L’azienda, il cui core business è lo sviluppo di soluzioni digitali cloud based e App native per iOS e Android, si occupa in particolare di innovazione, analizzando i processi aziendali tradizionali, con l’obiettivo di identificare soluzioni digitali che siano in grado di ottimizzarli. La sua mission è «rendere lo sviluppo software più accessibile a tutti», spiega Mattia Farina, Ceo di Mumble, che, partendo dal progetto Covid Coach, spazia poi a tracciare il prossimo futuro dell’azienda.

Mattia, Mumble si è resa protagonista di un progetto davvero importante in questo periodo di emergenza mondiale. Ce ne vuoi parlare? In quest'ultimo periodo abbiamo lavorato insieme al nostro partner Vertical e al Governo degli Stati Uniti per creare un'applicazione che aiutasse le persone a fronteggiare l'emergenza Covid. L'applicazione si chiama Covid Coach, è progettata per aiutare le persone a gestire lo stress e vivere nel modo più sereno possibile questo momento difficile. Covid-Coach-Mumble È gratuita e disponibile sugli store, anche in Italia. L’applicazione ha destato anche l’interesse di una testata come Wired US che ha deciso di dedicare a Covid Coach un articolo, e la cosa ci riempie di orgoglio.

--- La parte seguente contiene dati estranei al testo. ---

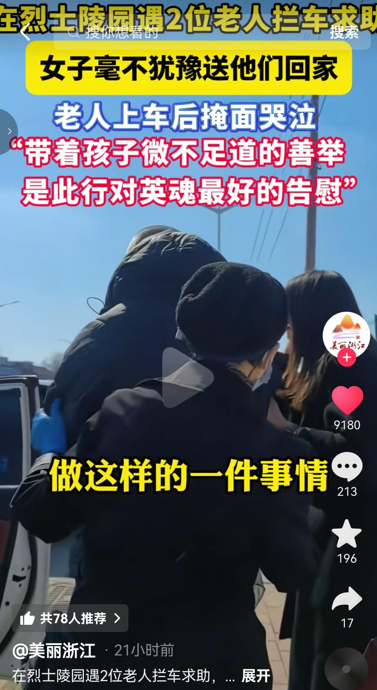 破防了!长春革命烈士陵园门口,两位白发老人拦车求助,拦了几十辆全是呼啸而过,直到钟女士带着儿子停下车,老人一上车就忍不住掩面痛哭! 4月4日清明节,钟女士开车路过长春革命烈士陵园,远远就看见两位老人坐在路边,颤巍巍地朝过往车辆招手。 她没有丝毫犹豫,直接靠边停车,还让坐在副驾的儿子下车,把两位老人搀扶上车。 上车之后,大爷大妈直接绷不住了,捂着脸无助地哭了起来。钟女士后来回忆,大爷哽咽着说:“姑娘,我们拦了好多车,都没给我们停……” 原来两位老人是来陵园祭扫的,出来之后打不到车,也拦不到顺风车,在路边坐了很久,腿都冻僵了,看着一辆辆车从身边开走,心里又急又委屈。 钟女士二话不说,直接把两位老人安全送回了家。 事后她坦言,自己特别踏实:“能在这么庄严肃穆的烈士陵园里,带着孩子做这么一件小事,我觉得这就是对那些英魂最好的告慰。 我们脚下踩着的,是先烈用命守护的人间,怎么能让这份举手之劳的善意缺席?” 网友看到后评论说:我真的看哭了!那些不停的车,你们怎么这么冷漠呢?那是烈士陵园门口啊!那是给我们拼过命的地方!你们开着车呼啸而过的时候,有没有想过,今天的安稳日子是谁给的? 也有的网友说:我就是长春的!每次清明去陵园,都能看到很多老人打车难!真的希望大家多停一停,多帮一把!为钟女士和她儿子点赞! 还有的网友说:我要是在现场,我也会停!带着孩子,就是要让他知道,什么是善良,什么是感恩!那些不停的车,你们给孩子做了什么榜样? 我真的越看越气,越看越酸! 气的是,在烈士陵园门口,在清明节这个特殊的日子,两个白发苍苍的老人,拦了那么多车,居然没有一辆愿意停下来!你们开着车,从先烈用生命换来的土地上飞驰而过,对着求助的老人视而不见,你们怎么能这样呢? 酸的是,还好有钟女士,还好有这个带着孩子的妈妈!她用一个停车的动作,给孩子上了人生中最生动的一课:善良从来都不是选择题,而是必答题! 有人说,现在的人都怕被讹,都怕多管闲事。我就想问一句:在烈士陵园门口,两个来祭扫的老人,能讹你什么?讹你送他们回家?讹你帮个举手之劳? 别拿“怕被讹”当借口,本质就是冷漠,就是自私!你们开着车,享受着先烈换来的太平日子,却连最基本的善意都不愿意给! 而钟女士,她不仅停了车,还带着孩子一起扶老人上车,送老人回家。她做的这件事,比任何说教都有力量!她让孩子知道,什么是感恩,什么是担当,什么是中国人骨子里的善良! 这件事,从来都不是一件简单的“好人好事”。 它是一面镜子,照出了人性的冷漠,也照出了人性的光辉。 在烈士陵园门口,我们每一个人,都欠先烈一份敬畏,欠老人一份善意。钟女士用一个小小的举动,给我们所有人上了一课:善良,从来都不是奢侈品,而是我们每个人都该有的底色。 那些呼啸而过的车,你们错过了一次救赎自己的机会;而钟女士,用善意,给了英魂最好的告慰,也给了孩子最好的成长。 你脚下踩着的,是先烈用命守护的人间;你伸手帮的,是和你一样,念着先烈恩情的同胞。别让冷漠,凉了英魂,寒了人心!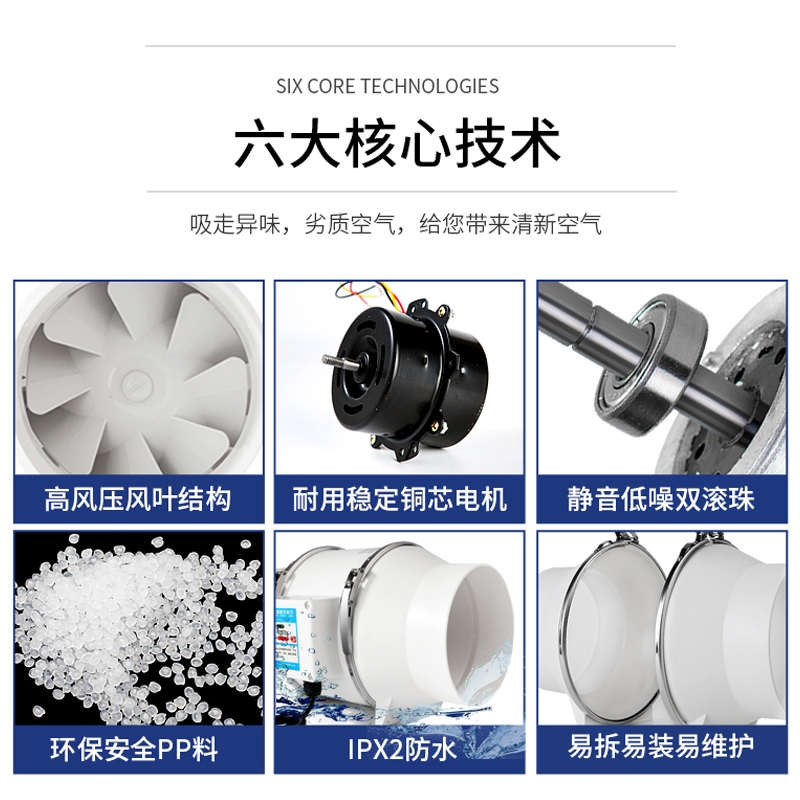 泓钧增压管道风机排气扇厨房排风扇卫生间换气扇家用排油烟大吸力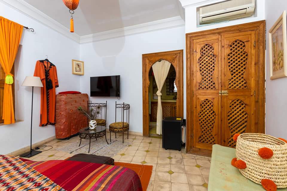 On the first floor, the Orange Blossom room is decorated in shades of aniseed green and orange. Spacious, with 2 80cm beds forming a double bed. In the corner is a small wrought-iron sitting area, a closet and the anise-green taddelak bathroom. The room is suitable for people with reduced mobility.

Come è nato il progetto Covid Coach?

In realtà la nostra collaborazione con il Governo degli Stati Uniti nasce diversi anni fa. Covid Coach è solo l’ultimo progetto in ordine cronologico che abbiamo seguito insieme a Vertical per i Veterani degli Stati Uniti. Tutto è iniziato 5 anni fa. Era il 2014 e Mumble aveva poco più di un anno. Da subito ci siamo resi conto che la qualità degli ingegneri italiani non è seconda a nessuno e che, dall’altra parte del mondo, a San Francisco per la precisione, si potevano nascondere grandi opportunità. Con questa convinzione abbiamo partecipato al Silicon Valley Study Tour. Attraverso questo progetto abbiamo avuto la possibilità di volare oltreoceano e di conoscere diversi partner che erano già interessati a una collaborazione con Mumble. Tra questi c’era Giò Moraja, A.D. di Vertical, digital agency con sede a Oakland, che già all’epoca si occupava di sviluppare soluzioni mobile a supporto del benessere psicologico dei Veterani degli Stati Uniti. Dopo diversi mesi abbiamo avuto l’opportunità di sviluppare una di queste app, nello specifico PTSD Coach (PTSD sta per Posttraumatic Stress Disorder, ndr). Da lì, è iniziata una grandiosa collaborazione che prosegue tutt’ora.

Oltre che Covid Coach, cosa vi ha visto impegnati in questi mesi?

Oltre a Covid Coach, i nostri team sono stati e sono occupati a sviluppare altre soluzioni digitali. Molte di queste sono applicazioni web e mobile, che appartengono a due precisi settori: Mobile Marketing, ovvero soluzioni mobile sviluppate per i brand che desiderano stabilire relazioni profonde con i propri clienti; e Mental Health, cioè soluzioni mobile a supporto del benessere psicologico, proprio come può essere considerata Covid Coach. Per entrambi i settori il minimo comune denominatore è la tecnologia, che può essere adottata e applicata, come si vede, con differenti obiettivi.

Per chiudere, come sono andati i primi mesi di questo difficile 2020 e qual è la vostra visione del prossimo futuro?

Nonostante il periodo di grossa incertezza che stiamo vivendo abbiamo chiuso positivamente il primo quadrimestre, facendo segnare un +50% rispetto a quello del precedente anno. Stiamo però aspettando una possibile flessione per i prossimi mesi, dovuta allo stop di moltissime attività e quindi all’inevitabile calo dei progetti. Detto questo, non ci siamo fermati, anzi abbiamo spinto l’acceleratore sui prodotti Mumble e siamo fiduciosi che questi possano aiutarci a mantenere il trend positivo per tutto l’anno. Abbiamo tante idee, prodotti unici e una grande voglia di aiutare le aziende a crescere ed espandere il proprio business. Possiamo fare tanto insieme a loro.